◆ Task ◆
You are asked to reproduce the listing exactly and to omit its pictures.

─── Data provided ───

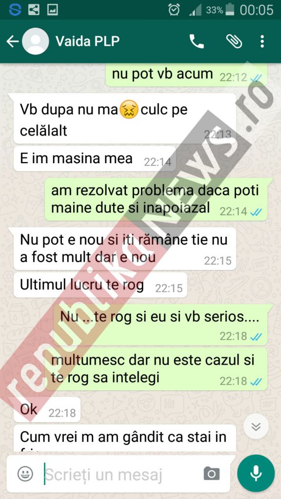 Atașăm la prezenta mesaje 2 fotografii ce cuprind mesaje indecente ale managerului-polițist local Vaida Adrian alături de adresa ANFP nr.6473/31.08.2018.
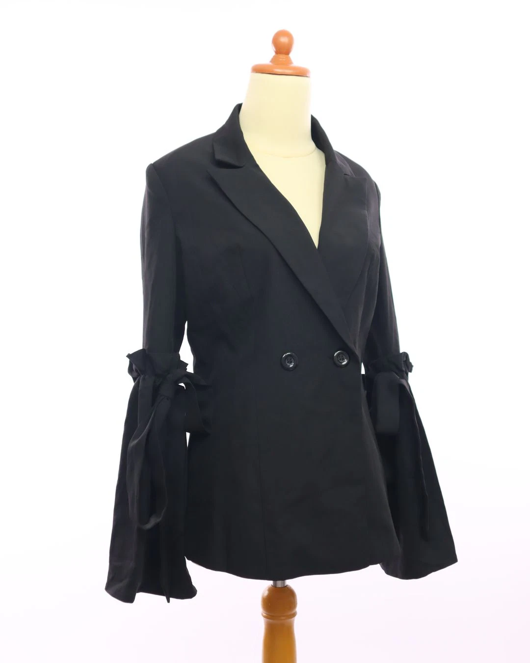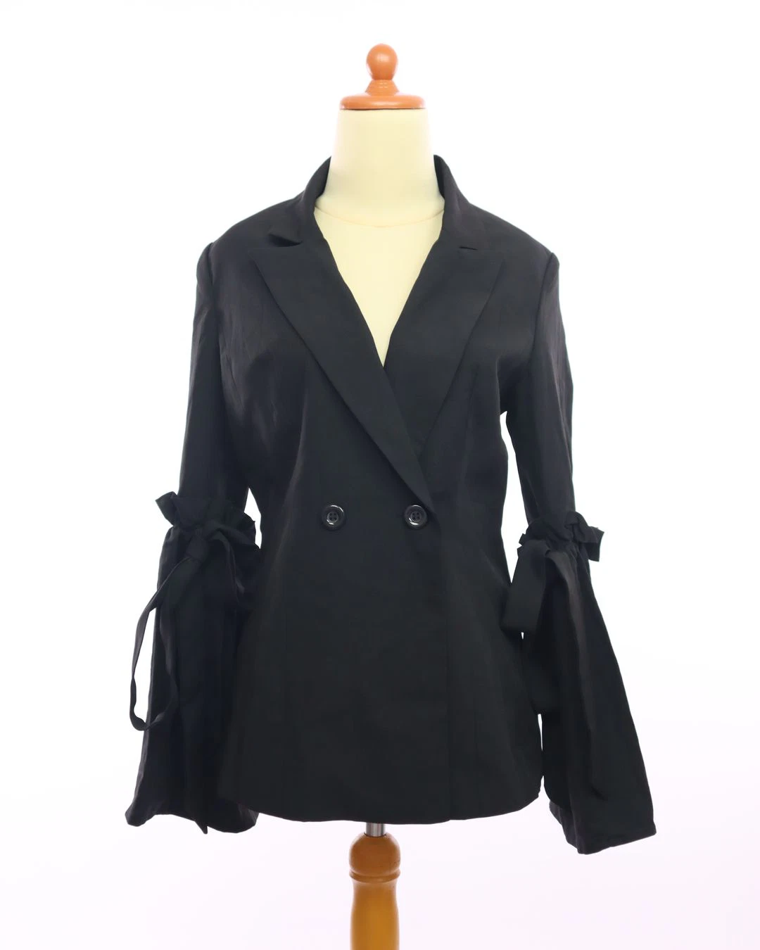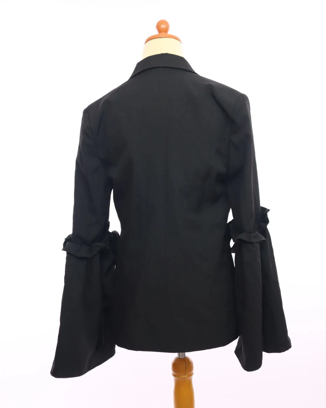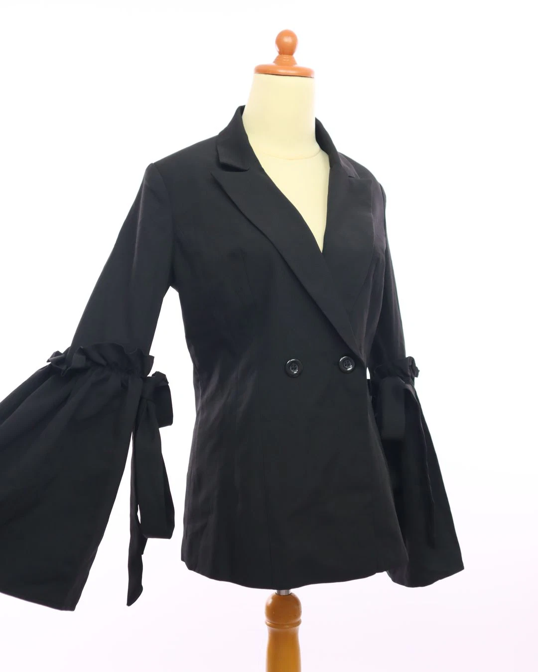 button ruffle tie sleeve blazer
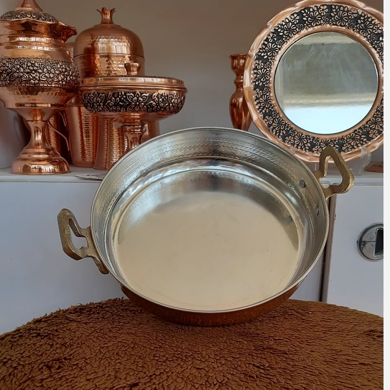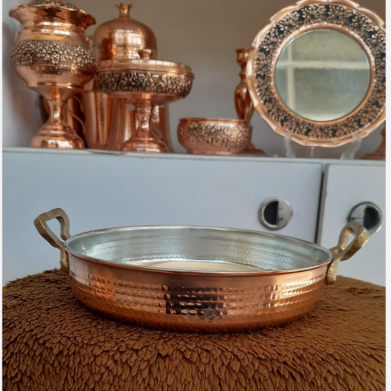 ماهیتابه مسی چکشی یکی از ظروف سنتی و پرکاربرد آشپزی ایرانی است که از مس خالص ساخته شده و سطح آن با روش چکشکاری دستی فرم داده و تقویت میشود. این نوع ساخت باعث میشود ظرف هم زیباتر باشد و هم مقاومت بیشتری در برابر ضربه و حرارت پیدا کند.

───

◆ Exercise output ◆
 Atașăm la prezenta mesaje 2 fotografii ce cuprind mesaje indecente ale managerului-polițist local Vaida Adrian alături de adresa ANFP nr.6473/31.08.2018.
 button ruffle tie sleeve blazer
 ماهیتابه مسی چکشی یکی از ظروف سنتی و پرکاربرد آشپزی ایرانی است که از مس خالص ساخته شده و سطح آن با روش چکشکاری دستی فرم داده و تقویت میشود. این نوع ساخت باعث میشود ظرف هم زیباتر باشد و هم مقاومت بیشتری در برابر ضربه و حرارت پیدا کند.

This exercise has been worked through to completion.